### TASK DIRECTIONS
The lines to copy run from the one containing "Over a hundred" to the end of the listing. Please write them out exactly, minus the pictures.

### RECORDED DATA
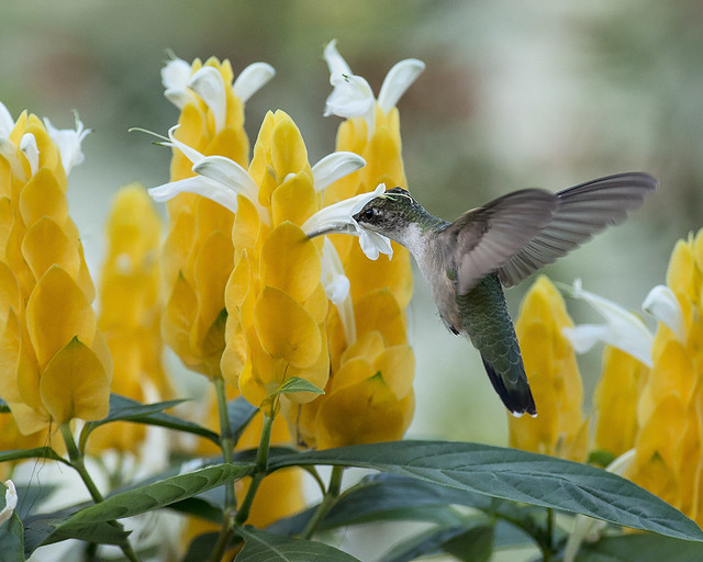 This isn’t using a thermal to save energy, like vultures, ravens, petrels, and other long-winged birds do. That’s soaring. Hummingbirds move their wings in a figure-eight pattern at over 50 beats per second, allowing them to stop on a dime or adjust their position up, down, forward, or backward. That frenetic rhythm is also creates the humming noise that’s the source of their common name.
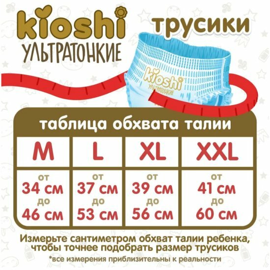 Трусики-подгузники KIOSHI "Ультратонкие", 28шт, для мальчиков и девочек, XXXL
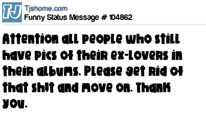 X says Attention all people who still have pics of their ex-lovers in their albums. Please get rid of that sh!t and move on. Thank you.
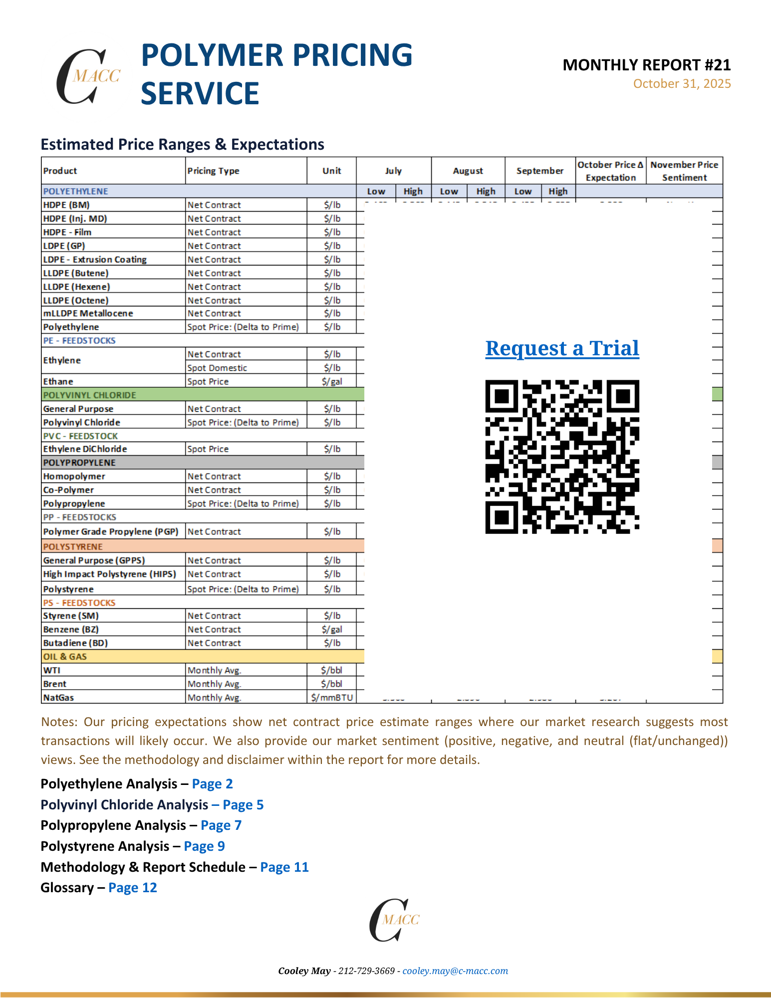 Polymer Pricing Service Polymer Price Expectations – October – Monthly Report # 21 Polymer Price Expectations – October – Monthly Report # 21 October 31, 2025 No Comments
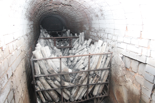 大きな窯の中で筒状に固まっているのは、竹筒に入ったまま高温で熱せられた塩。竹だけが燃え尽きてこうなるという状態ですが、火にかける過程で竹のエキスが塩に染み込むということになります。
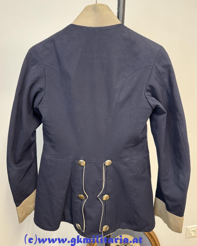 k.u.k. Waffenrock Oberleutnant Infanterieregiment Nr. 98!! - Beschreibung: Dunkelblaues Grundtuch (Vorderseite mit kleinen Löchern, Stehkragen, Ärmelaufschläge und alle Rockkantenvorstöße aus lichtdrappen Egalisierungstuch. - Vorstöße bei den Ärmeln mit Beschädigungen an der Kante und einer mit 2 Mottenlöchern auf der Rückseite - Auf den Kragenenden je 2 Distinktionssterne eine Reihe zu sechs glatten, versilberten Knöpfen, die geschweiften Schoßtaschenpatten auf der Rückseite mit je drei ebensolchen Rockknöpfen besetzt. Das Oberleibfutter und der Schoßteil schwarz gefüttert - In den Ärmeln Stempel Kostümverleih Lambert Hofer Wien - Rock im gebrauchtem Zustand!
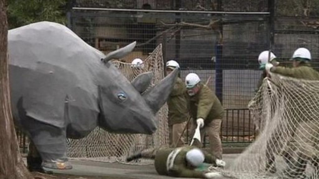 Over a hundred staff took part in this bizarre drill, which tries to recreate what would happen if a rhino escaped after an earthquake.
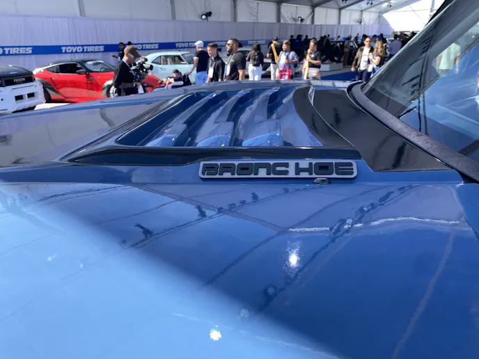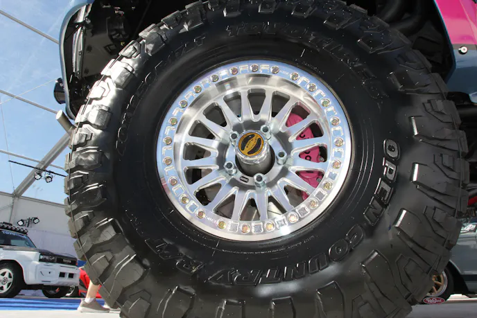 The Bronco rides on 40×12.5R17LT Toyo Open Country R/T tires wrapped around 9-inch-wide KMC forged Impact beadlock wheels.
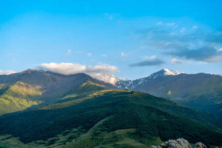Photo Mountains of North Ossetia, beautiful summer landscapes with blue sky and clouds.
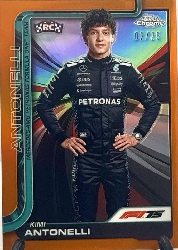 The Kimi Antonelli 2025 Topps Chrome Formula 1 #8 Orange Refractor /25 Rookie card in Raw condition has not changed in price in the last 30 days and was last sold for $750.00 .
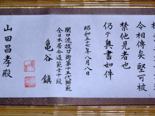 当流には古来より正式な「介錯の太刀」および「試し斬り」の免許が伝承されています。

### WRITTEN RESPONSE
 Over a hundred staff took part in this bizarre drill, which tries to recreate what would happen if a rhino escaped after an earthquake.
 The Bronco rides on 40×12.5R17LT Toyo Open Country R/T tires wrapped around 9-inch-wide KMC forged Impact beadlock wheels.
Photo Mountains of North Ossetia, beautiful summer landscapes with blue sky and clouds.
 The Kimi Antonelli 2025 Topps Chrome Formula 1 #8 Orange Refractor /25 Rookie card in Raw condition has not changed in price in the last 30 days and was last sold for $750.00 .
 当流には古来より正式な「介錯の太刀」および「試し斬り」の免許が伝承されています。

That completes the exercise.